Typical usage of the Python client will involve to import the tuplex module first, e.g.

from tuplex import *

Depending on whether this code is executed from the python interpreter in interactive mode or by calling a file via the interpreter, an interactive FastETL shell providing a REPL (read-evaluate-print-loop) may be started.


Context

class tuplex.context.Context(conf=None, name='', **kwargs)[source]
__init__(conf=None, name='', **kwargs)[source]

creates new Context object, the main entry point for all operations with the Tuplex big data framework

Parameters
  • conf (str) or (dict) – Can be either the path to a YAML configuration file that is used to configure this particular Tuplex context or a dictionary with Tuplex configuration options.

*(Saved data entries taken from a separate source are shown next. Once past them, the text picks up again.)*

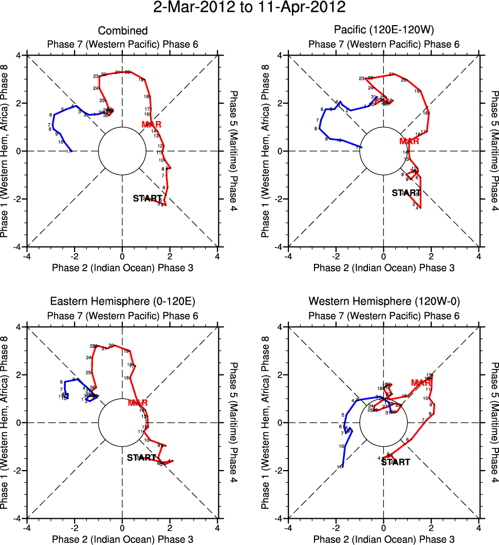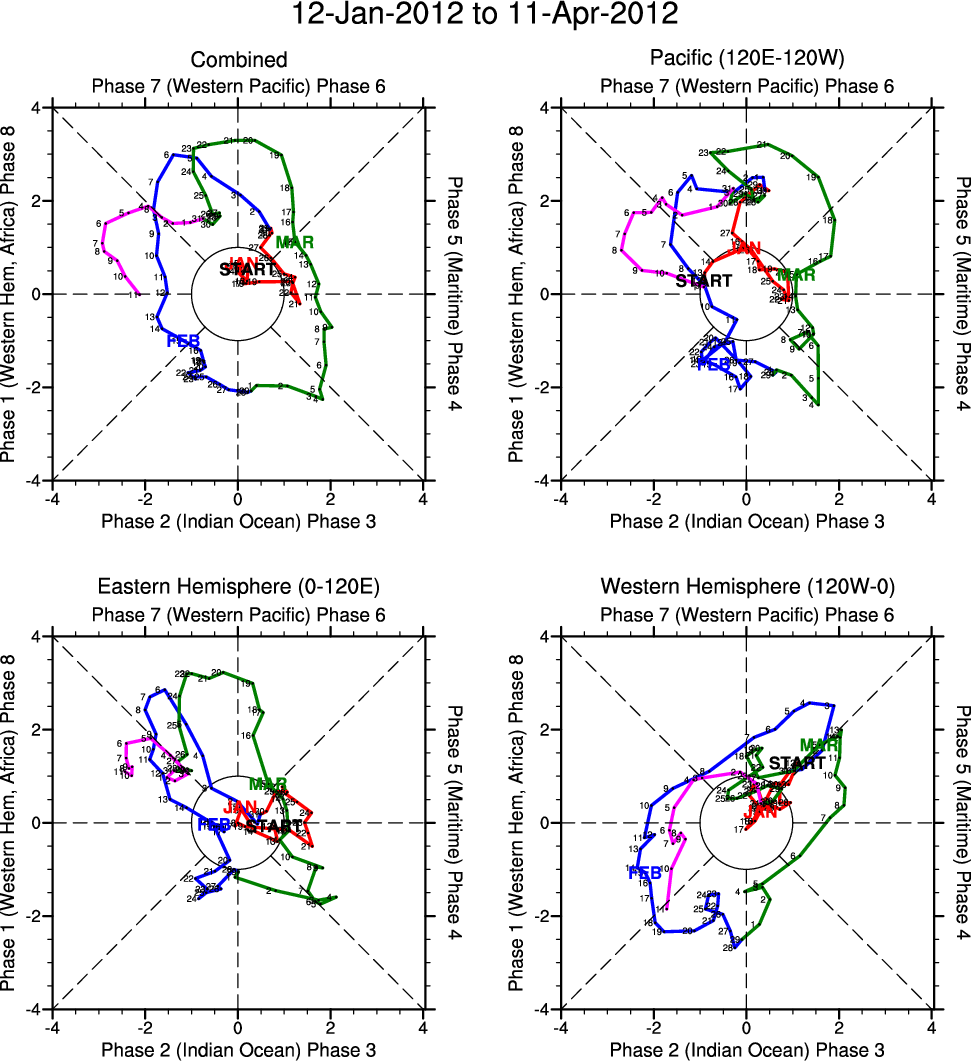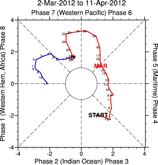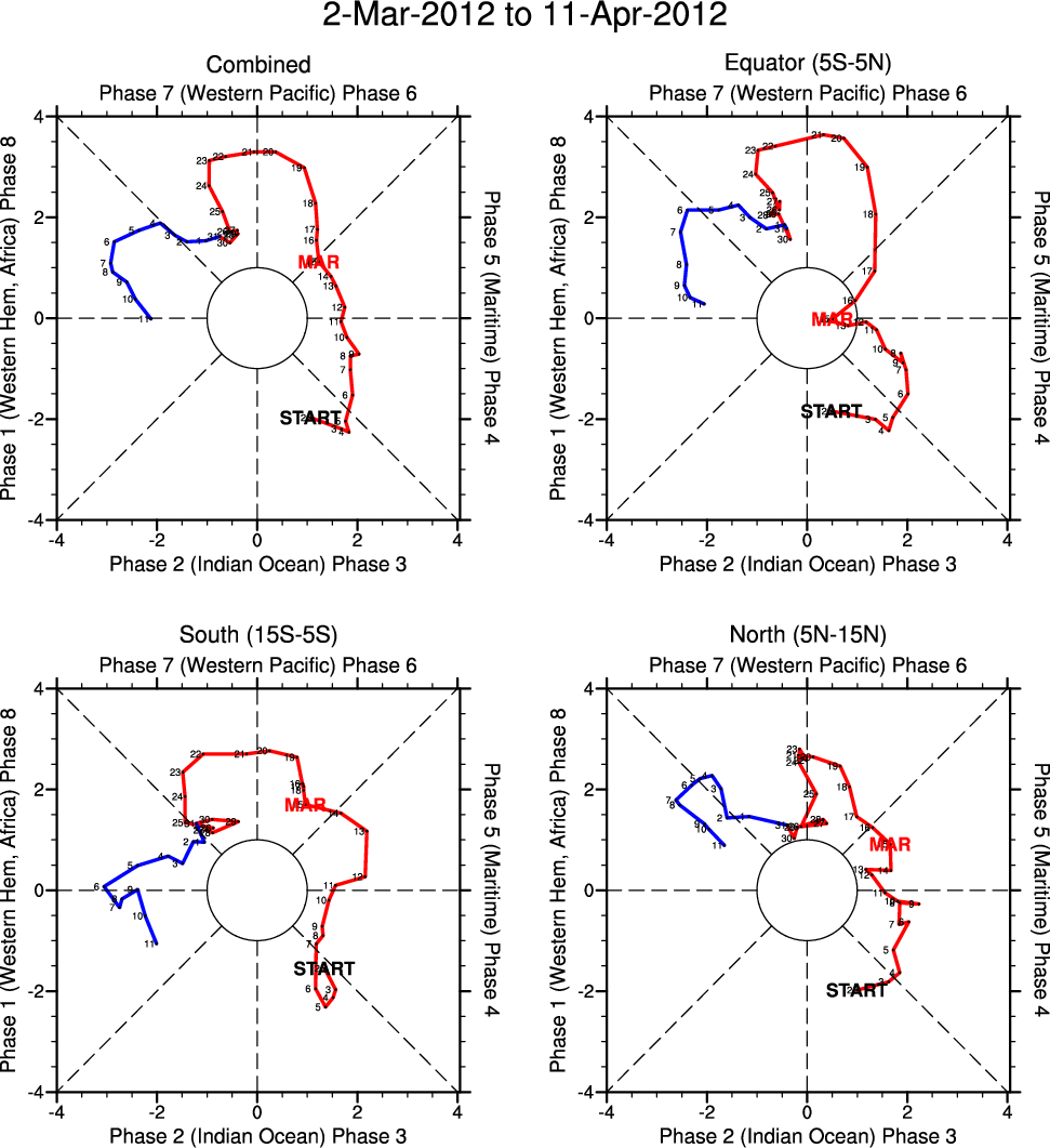 Wheeler and Hendon (2004) constructed the RMM index for monitoring the MJO. This index consists of the first two principal components (PCs) of OLR, 850-hPa zonal wind, and 200-hPa zonal wind averaged 15S-15N.
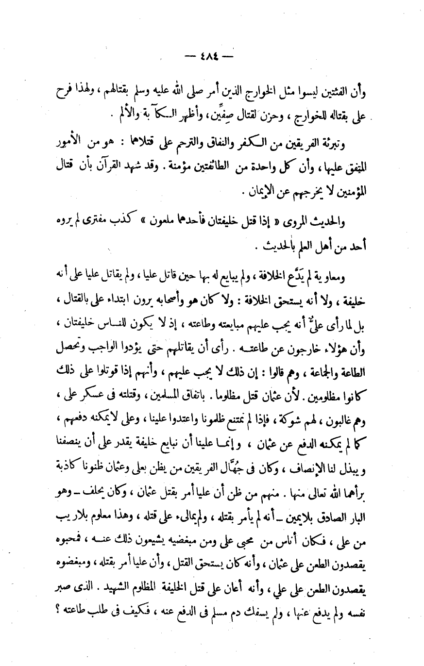 وَمُعَاوِيَة لم يدع الْخلَافَة وَلم يُبَايع لَهُ بهَا حِين قَاتل عليا وَلم يُقَاتل علينا على أَنه خَليفَة وَلَا أَنه يسْتَحق الْخلَافَة وَلَا كَانَ هُوَ وَأَصْحَابه يرَوْنَ ابْتِدَاء على الْقِتَال بل لما رأى على أَنه يجب عَلَيْهِم مبايعته وطاعته إِذا لَا يكون للنَّاس خليفتان وَأَن هَؤُلَاءِ خارجون عَن طَاعَته رأى أَن يقاتلهم حَتَّى يؤدوا الْوَاجِب وَتحصل الطَّاعَة وَالْجَمَاعَة وهم قَالُوا إِن ذَلِك لَا يجب عَلَيْهِم وَأَنَّهُمْ إِذا قوتلوا على ذَلِك كَانُوا مظلومين لِأَن عُثْمَان قتل مَظْلُوما بِاتِّفَاق الْمُسلمين وقتلته فِي عَسْكَر عَليّ وهم غالبون لَهُم شَوْكَة فَإِذا لم نمتنع ظلمونا واعتدوا علينا وعَلى لَا يُمكنهُ دفعهم كَمَا لَا يُمكنهُ الدّفع عَن عُثْمَان وَإِنَّمَا علينا أَن نُبَايِع خَليفَة يقدر على أَن ينصفنا ويبذل لنا الْإِنْصَاف وَكَانَ فِي جهال الْفَرِيقَيْنِ من يظنّ بعلي وَعُثْمَان ظنونا كَاذِبَة برأهما الله تَعَالَى مِنْهَا مِنْهُم من ظن أَن عليا أَمر بقتل عُثْمَان وَكَانَ يحلف وَهُوَ الْبَار الصَّادِق بِلَا يَمِين أَنه لم يَأْمر بقتْله وَلم يمالىء على قَتله وَهَذَا مَعْلُوم بِلَا ريب من على فَكَانَ أنَاس من محبي عَليّ وَمن مبغضيه يشيعون ذَلِك عَنهُ فمحبوه يقصدون الطعْن على عُثْمَان وَأَنه كَانَ يسْتَحق الْقَتْل وَأَن عليا أَمر بقتْله ومبغضوه يقصدون الطعْن على عَليّ وَأَنه أعَان على قتل الْخَلِيفَة الْمَظْلُوم الشَّهِيد الَّذِي صَبر نَفسه وَلم يدْفع عَنْهَا وَلم يسفك دم مُسلم فِي الدّفع عَنهُ فَكيف فِي طلب طَاعَته
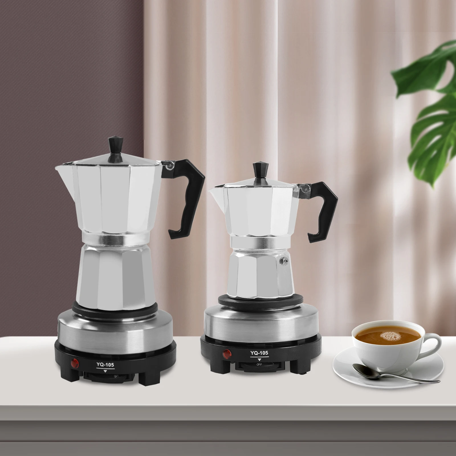 Cafetera Espresso de 3/6 tazas con placa caliente, Mini estufa eléctrica de una sola placa caliente de 500W, urna de café de temperatura ajustable
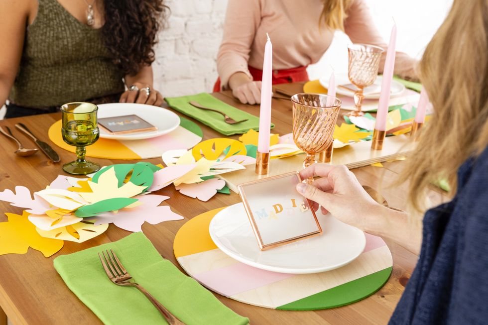 DIY Press Name Card Instructions: Guide your besties to their seats at the party table with a floral coaster DIY that can be hacked into personalized name cards. Swap letters for the flowers and then use mod podge to secure them on a single piece of acrylic. Let them dry and set them out. Bonus: They also make the best party favors!

For keys and their meaning see below the list of Keyword Arguments.

  • name (str) – An optional name can be given to the context object. WHen given an empty string, Tuplex will choose a random name.

  • **kwargs – Arbitrary keyword arguments, confer Keyword Arguments section for more information.

Keyword Arguments
  • executorMemory (str) or (int) – Specify how much memory each executor should use. If given as int, will be interpreted as number of bytes. Else, one can also specify a memory amount in string syntax, e.g. ‘1G’ for 1GB of memory.

  • executorCount (int) – Number of executors (threads) to use. Defaults to std::thread::hardware_concurrency()

  • driverMemory (str) or (int) – executorMemory for the driver

  • partitionSize (str) or (int) – executorMemory will be divided in blocks of size partitionSize. This also corresponds more or less 1:1 to the task size and is thus a parameter to tune parallelism.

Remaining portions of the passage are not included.